The U.S. Centers for Disease Control and Prevention (CDC) is expanding surveillance for infectious diseases at four major airports to track pathogens, including coronavirus and the flu.
The CDC’s Travelers’ Health Branch introduced its Traveler-based Genomic Surveillance program (TGS) in 2021 during the coronavirus outbreak to detect new variants of the disease and other infectious pathogens by collecting samples of nasal swabs and wastewater from arriving international travelers. The program is currently operating at six U.S. airports: Boston Logan International; San Francisco International; Newark Liberty International; Seattle-Tacoma International; Washington, DC’s Dulles International; and New York City’s John F. Kennedy International.
The expansion will include testing at the Boston, San Francisco, Dulles, and JFK airports for “more than 30 bacteria, antimicrobial resistance targets and viruses including influenza A and B, and respiratory syncytial virus, known as RSV,” reports CNN.
“We have known that travelers are a very important population to consider for tracking new and emerging infections,” Dr. Cindy Friedman, leader of TGS and chief of the agency’s Travelers’ Health Branch, told the outlet.
The program involves passengers arriving from out of the country and volunteering for a sample to be taken and recorded anonymously.
“We started this as a concept. Could we get travelers to volunteer at the airport to give us a sample voluntarily when they came in from countries all over the globe?” Friedman recalled the initial thought process behind the project. “And could we get enough samples to then test and do genomic sequencing and know very quickly what was coming into our country?”
The CDC boasts that the program could detect numerous coronavirus Omicron variants “up to 6 weeks before they were reported globally.”
TGS has tested over 370,000 travelers through nasal swab sampling as of October “from over 135 countries from all World Health Organization regions.”

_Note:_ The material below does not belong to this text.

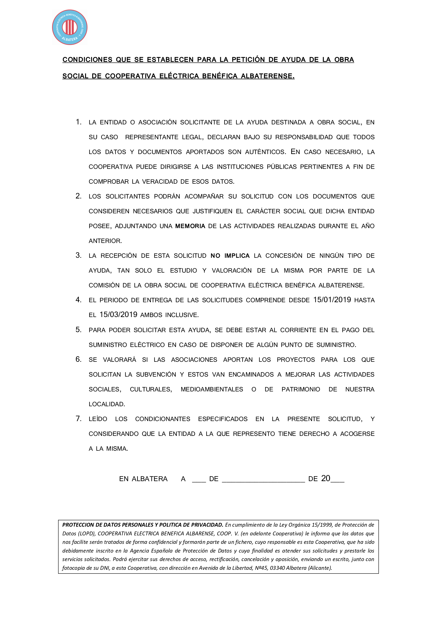 Para ello, las asociaciones interesadas en poder optar a esta ayuda deben presentar en las oficinas de la Cooperativa Eléctrica Benéfica Albaterense sus proyectos para el 2020 junto al impreso de solicitud.
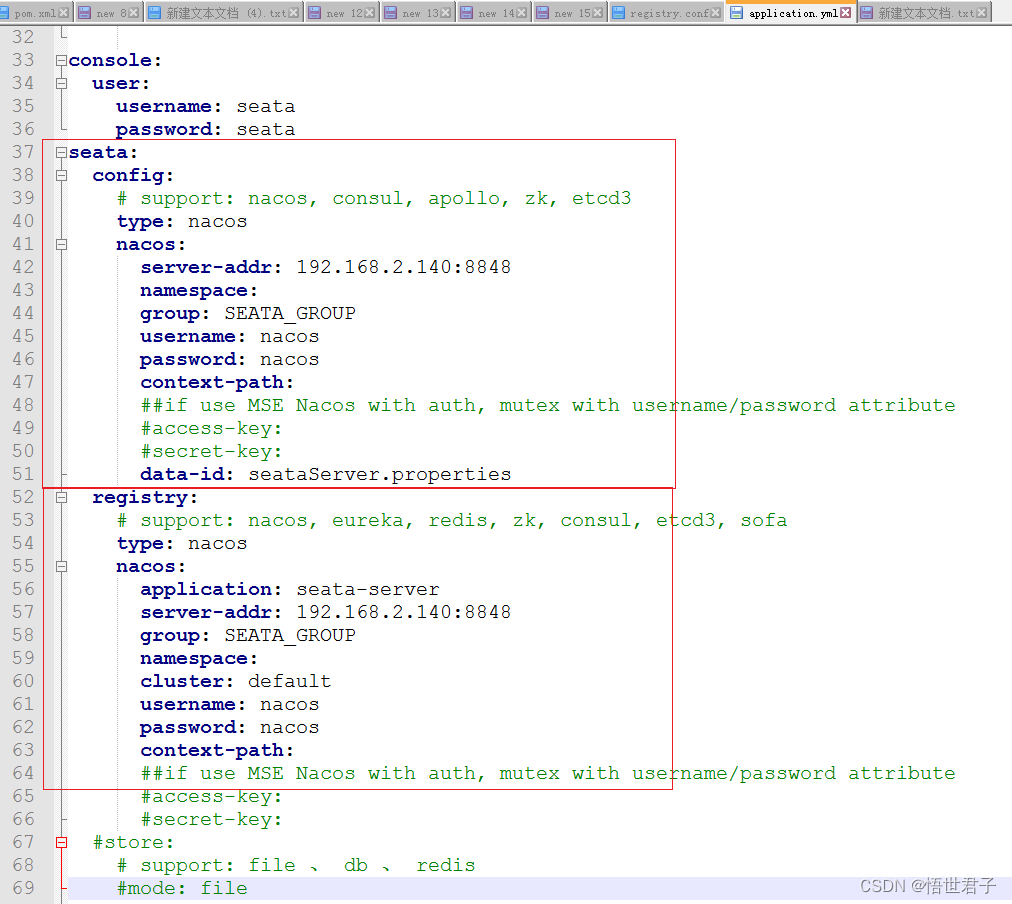 配置文件是 registry.conf 和 file.conf,这个是seata 服务端早期的配置方式,没有1.7.1的application.yml 文件方便

The program also began the collection of wastewater in August 2022, in which CDC officials gathered wastewater from planes using a “custom-made collection device,” CNN reports.
Samples from the planes were then shipped to a laboratory for testing. If found positive for a specific pathogen, they would undergo whole genome sequencing to determine variants.

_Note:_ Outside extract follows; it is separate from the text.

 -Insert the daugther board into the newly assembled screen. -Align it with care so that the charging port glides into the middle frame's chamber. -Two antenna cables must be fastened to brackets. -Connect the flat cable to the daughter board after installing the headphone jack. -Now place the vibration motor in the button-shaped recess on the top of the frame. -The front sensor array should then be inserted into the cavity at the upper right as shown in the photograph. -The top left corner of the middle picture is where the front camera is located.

“One sample from an aircraft coming from a geographic destination afar can give us information potentially about 200 to 300 people that were on that plane,” said Friedman.
The program is a collaboration between the CDC and a Boston-based private biotech company known as Ginkgo Bioworks, which is working on building upon a “large-scale, comprehensive COVID-19 monitoring platform to create a sustainable global biosecurity infrastructure to help manage biological risks anywhere people come together.”
Matthew McKnight, the general manager of biosecurity at the company, says that surveillance programs like TGS are helping to prevent another pandemic from happening.
“The dream is that you’re running similar programs across the world in many, many places, so you get much earlier detection than if somebody shows up at a hospital of something emerging,” McKnight told CNN.
“The idea would be, how do you prevent a pandemic? You catch something really early, which allows you to put it into a vaccine manufacturing process much faster. Today we don’t have as much of that early warning as we want. And these are the first stages of it,” he said.